▶ _WORK INSTRUCTION_
In the records below, find the line that contains "В Google Мой" and the line that contains "一口にハイブリッドカーと言っても、仕組みは色々。(図参照)"; write out exactly those two lines and everything between them, without the pictures.
━━━━━━
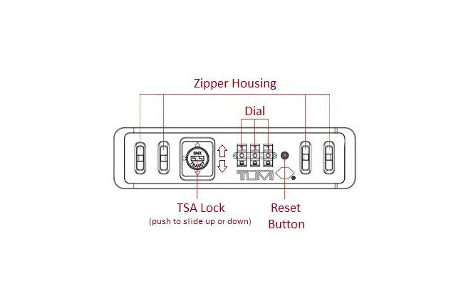 Comienza asegurándote de que cada dígito esté configurado en el código de inicio preestablecido en 0-0- liberando los extractores de cierre de tu maleta. Para hacer esto, desliza el TSA como lo indican las flechas para desbloquear los cierres.
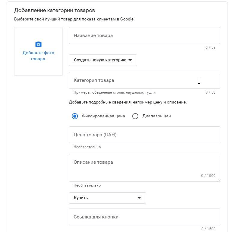 В Google Мой бизнес есть 2 отдельных раздела: «Товары» и «Услуги».
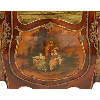 FRENCH ROSEWOOD AND VERNIS MARTIN GILT BRONZE MOUNTED VITRINE CABINET Y
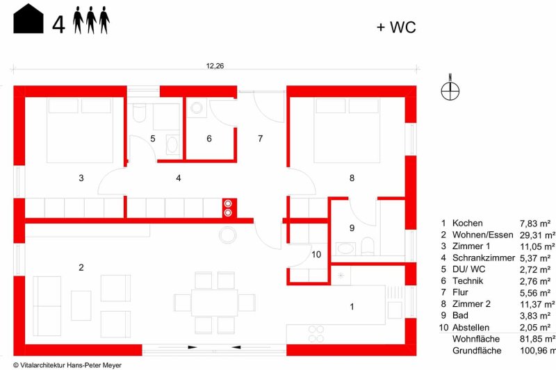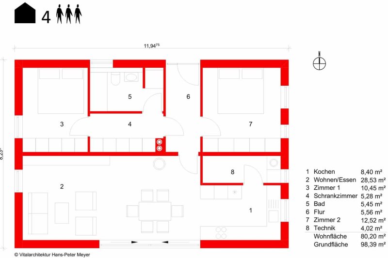• Nordost: Elternschlafzimmer mit 2 m breitem Bett möglich
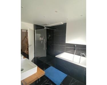 Die Bäder und das Gäste-WC wurden ebenfalls saniert. Das Bad im Mittelgeschoss überzeugt mit übergroßer, ebenerdiger Regendusche und einer großen Badewanne.
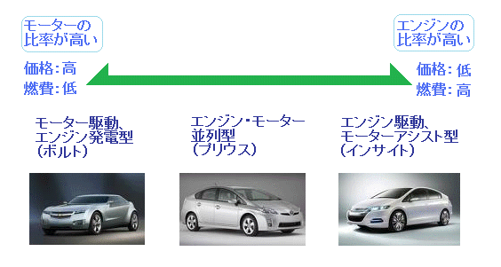 一口にハイブリッドカーと言っても、仕組みは色々。(図参照)
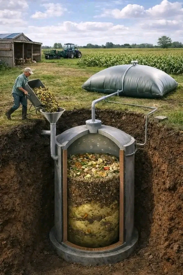 🟢 ماذا لو كان بإمكان مخلفات حيوانات المزرعة أن تُدفّئ منزلك، وتُطهى بها طعامك، وتُقلّل التلوث في الوقت نفسه؟هذا بالضبط ما توضحه الصورة أعلاه: نظام بيوغاز زراعي صغير، حيث يتم إدخال روث الحيوانات والمخلفات العضوية إلى خزان هضم تحت الأرض. داخل هذا الخزان، تقوم بكتيريا طبيعية بتفكيك المواد العضوية وتُطلق غازًا غنيًا بالميثان، يتم جمعه ثم نقله عبر أنابيب إلى مطبخ المزرعة.هذه التقنية ليست خيالًا علميًا. إنها واحدة من أكثر حلول الطاقة المتجددة عملية في المناطق الريفية، وهي مستخدمة بالفعل على نطاق واسع في أجزاء من آسيا وإفريقيا وأوروبا.🔻 ما هو هاضم البيوغاز؟هاضم البيوغاز هو حاوية مغلقة تتحلل فيها المخلفات العضوية في بيئة خالية من الأكسجين. تُسمّى هذه العملية الهضم اللاهوائي.أثناء الهضم، تقوم الكائنات الحية الدقيقة بتفكيك المخلفات وتنتج:البيوغاز (يتكوّن أساسًا من الميثان وثاني أكسيد الكربون)المخلفات المهضومة (Digestate)، وهي مادة سائلة/طينية غنية بالعناصر الغذائية يمكن استخدامها كسمادبهذا الشكل، يحوّل النظام مشكلة النفايات إلى مورد للطاقة.🔻 شرح مكونات النظام الظاهرة في الصورة1️⃣ مدخل المخلفات (روث + مواد عضوية)على الجانب الأيسر، يظهر مزارع يُدخل المخلفات عبر فتحة على شكل قمع. وتظهر الأبقار و الاغنتم كمصادر نموذجية للمواد الخام.تشمل المدخلات الشائعة:روث الأبقارروث الاغناممخلفات الدواجن (في بعض الأنظمة)بقايا الطعامبقايا المحاصيلمخلفات الخضروات2️⃣ خزان الهضم تحت الأرضفي وسط الصورة، يظهر خزان كبير تحت الأرض مملوء بالمواد العضوية المتحللة.هذا التصميم ذكي لأنه:يحمي الخزان من تقلبات الحرارةيقلل الروائحيوفر المساحةيحافظ على استقرار وأمان النظامداخل الخزان، تقوم البكتيريا بتفكيك المخلفات ببطء، مع إطلاق فقاعات الغاز.3️⃣ أنبوب خروج الغازفي أعلى الهاضم يوجد أنبوب ينقل غاز البيوغاز من الخزان إلى منطقة التخزين ثم إلى المنزل.4️⃣ كيس تخزين الغازعلى سطح الأرض يظهر كيس كبير منتفخ لتخزين البيوغاز.عندما يكون إنتاج الغاز مرتفعًا يتمدد الكيس، وعند استخدام الغاز ينكمش.هذه طريقة بسيطة ومنخفضة التكلفة تجعل النظام مناسبًا للمزارع.5️⃣ خط الغاز إلى المطبختُظهر الصورة أنبوبًا ينقل الغاز من كيس التخزين إلى المنزل لتشغيل موقد الطبخ.ومن أهم مزايا البيوغاز أنه يمكن أن يحل مباشرة محل:غاز البروبانالفحمالحطبوحتى جزء من استهلاك الكهرباء6️⃣ مخرج المخلفات المهضومة (السماد)رغم أنه غير مبرز كثيرًا في الصورة، إلا أن كل أنظمة البيوغاز تنتج مادة متبقية بعد الهضم.هذه المادة قيّمة جدًا لأنها تُستخدم كـ:سماد زراعيمحسّن للتربةمكمّل للكمبوستوغالبًا ما تكون أقل رائحة من الروث الخام وأسهل في الاستعمال.🔵 لماذا يُعد البيوغاز ثورة حقيقية في المزارع؟تُعالج هاضمات البيوغاز عدة مشاكل في وقت واحد:✅ 1️⃣ طاقة متجددةتنتج المزرعة وقودها الخاص وتقلل الاعتماد على مصادر الطاقة الخارجية.✅ 2️⃣ إدارة المخلفاتتتحول المخلفات العضوية من ملوثات مزعجة إلى مدخلات منظمة ومفيدة.✅ 3️⃣ تقليل الروائحالهضم داخل نظام مغلق يمنع التحلل المكشوف وانتشار الروائح.✅ 4️⃣ طبخ أنظفبدل مواقد الحطب المليئة بالدخان، يوفر البيوغاز لهبًا نظيفًا ويحسّن جودة الهواء داخل المنازل.✅ 5️⃣ إنتاج سماديوفر السماد المهضوم عناصر غذائية مثل النيتروجين والفوسفور والبوتاسيوم، مما يعزز الاكتفاء الذاتي للمزرعة.🔻 الفوائد البيئيةلهذه التقنية فوائد بيئية كبيرة:🌍 تقليل انبعاث الميثان في الغلاف الجويالروث يطلق الميثان طبيعيًا عند تركه مكشوفًا، بينما يقوم الهاضم باحتجاز هذا الغاز واستخدامه كوقود.🌱 تقليل إزالة الغاباتفي المناطق التي تعتمد على الحطب، يقلل البيوغاز من الحاجة لقطع الأشجار.♻️ اقتصاد دائريأنظمة البيوغاز مثال مثالي للزراعة الدائرية:حيوانات → مخلفات → طاقة → سماد → محاصيل → علف → حيوانات🔻 التحديات واعتبارا
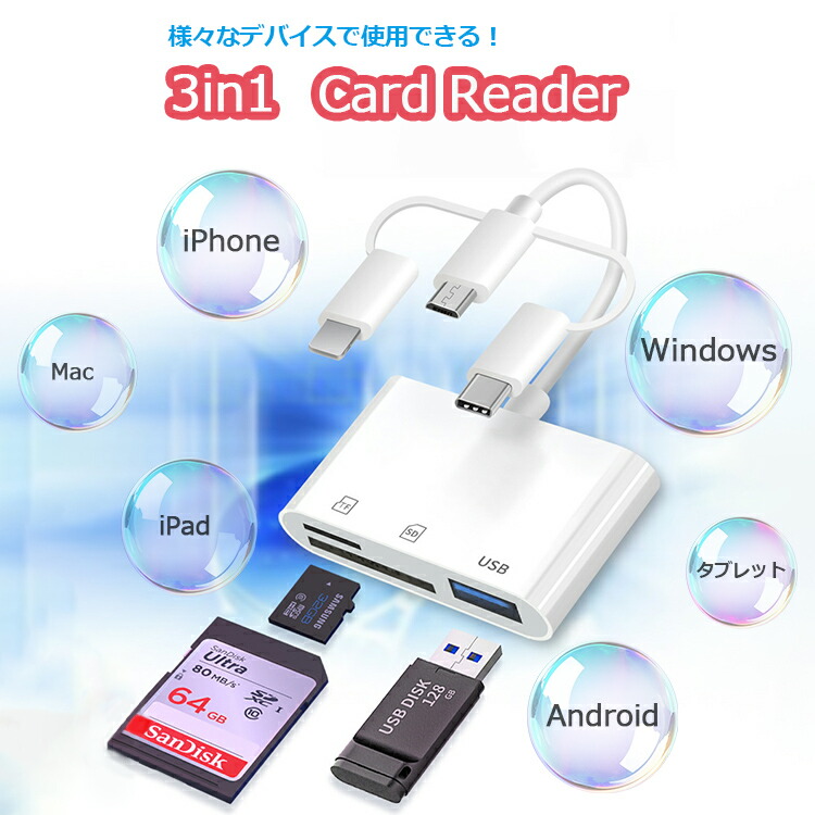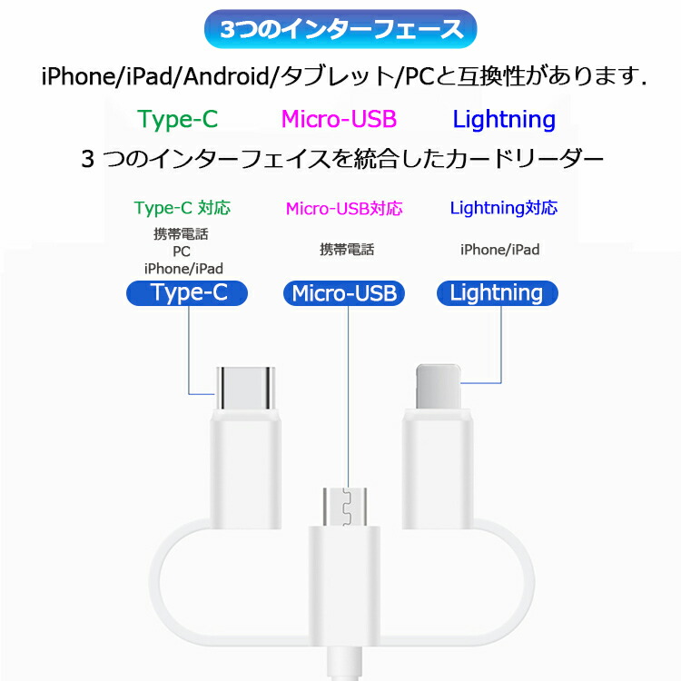 Lightning/Type-C/ Micro-USB 3つのインターフェイスを統合したカードリーダー。iPhone/iPad/Android/Chrome/Mac/タブレット/PCなどのデバイスに対応可能。
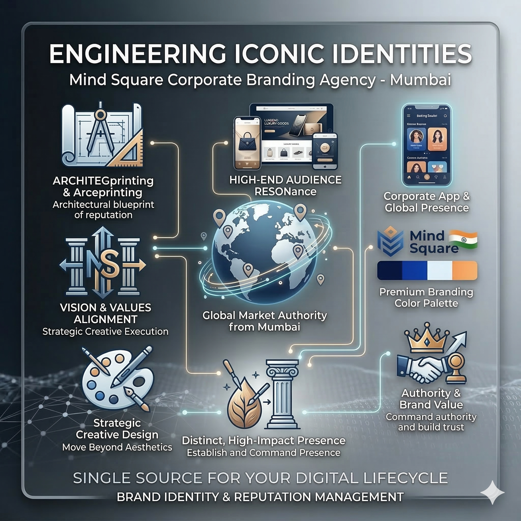 Your brand is the architectural blueprint of your reputation. At Mind Square, we specialize in comprehensive Corporate Branding services that move beyond aesthetics to establish a distinct, high-impact presence in your industry.
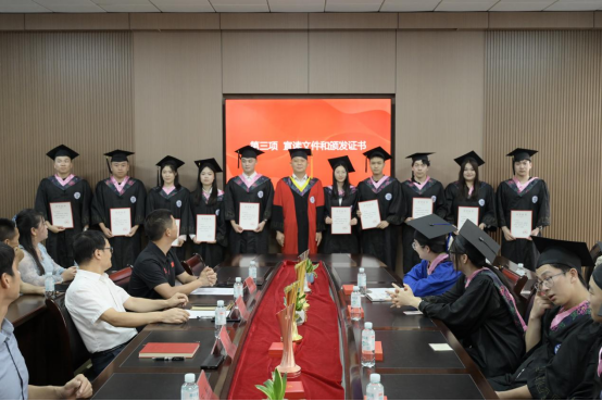 在庄重的学位授予环节,毕业生们依次上前,何斌院长为每位学子拨穗正冠、颁发证书,快门声记录下一个个珍贵瞬间。
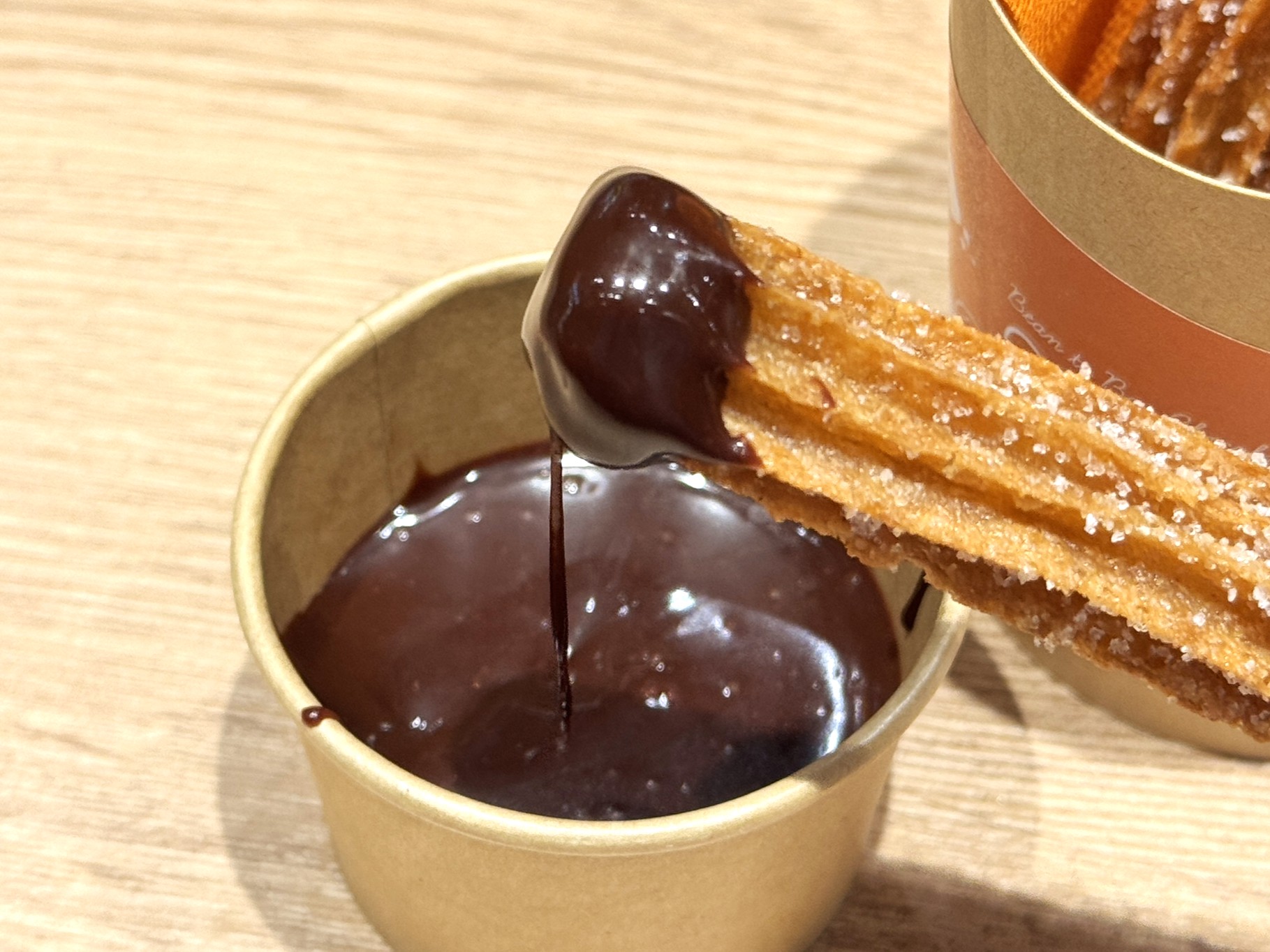 ザクザク食感のベイクドチュロスには砂糖がまぶしてありますが、ここはチョコレート専門店ということで、さらにここへたっぷりとチョコレートソースをまとわせます。
━━━━━━
▶ _EXPECTED OUTPUT_
 В Google Мой бизнес есть 2 отдельных раздела: «Товары» и «Услуги».
 FRENCH ROSEWOOD AND VERNIS MARTIN GILT BRONZE MOUNTED VITRINE CABINET Y
• Nordost: Elternschlafzimmer mit 2 m breitem Bett möglich
 Die Bäder und das Gäste-WC wurden ebenfalls saniert. Das Bad im Mittelgeschoss überzeugt mit übergroßer, ebenerdiger Regendusche und einer großen Badewanne.
 一口にハイブリッドカーと言っても、仕組みは色々。(図参照)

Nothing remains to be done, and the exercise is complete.